All lines from the one that has "- Вбудоване направляюче" onward to the end of the records below are to be returned exactly; pictures are to be skipped.

Data items
* * * * * * * * *
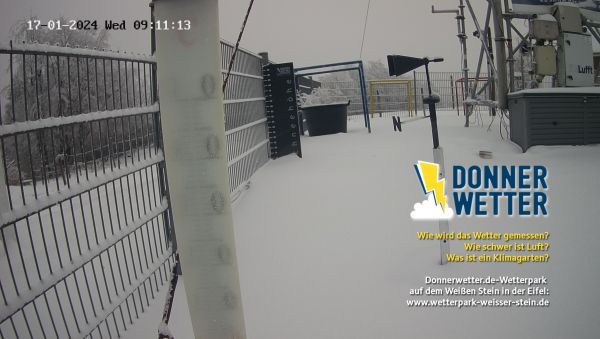 Die Schneecam im donnerwetter.de-Wetterpark in der hohen Eifel, hier liegen bereits 11 cm Schnee, finden Sie hier.
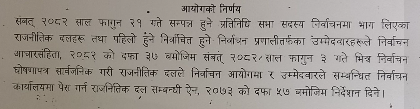 आयोगले मंगलबार (माघ २७) आचारसंहिताको दफा ३७ बमोजिम दलले आयोगमा र उमेदवारलाई निर्वाचन कार्यालयमा पेस गर्न निर्देशन दिएको हो ।
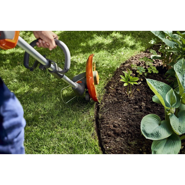- Вбудоване направляюче колесо забезпечує бічне обрізання країв, даючи вам змогу дістатися до важкодоступних місць за допомогою одного пристрою.
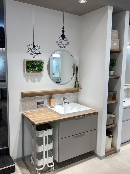 多様な組み合せをセレクトできる木製洗面化粧台。
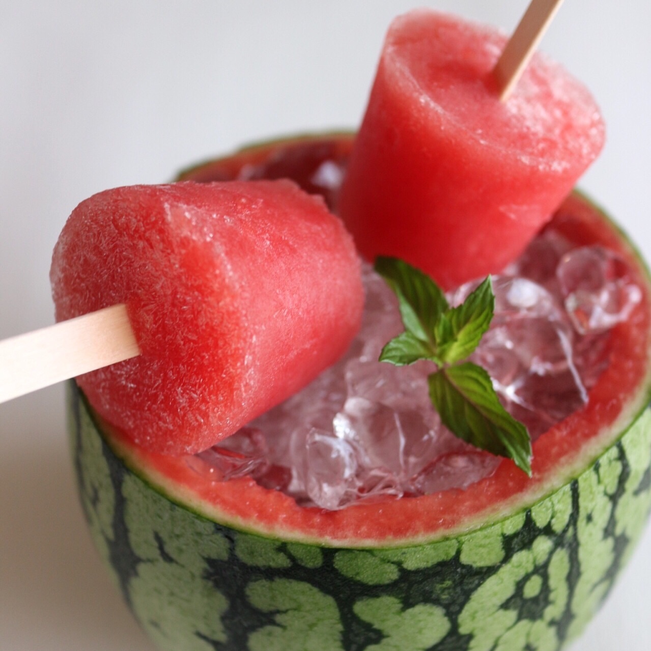 - スイカは、果肉をスプーンで取り出し、種を取る。
* * * * * * * * *
> **Task output**
- Вбудоване направляюче колесо забезпечує бічне обрізання країв, даючи вам змогу дістатися до важкодоступних місць за допомогою одного пристрою.
 多様な組み合せをセレクトできる木製洗面化粧台。
 - スイカは、果肉をスプーンで取り出し、種を取る。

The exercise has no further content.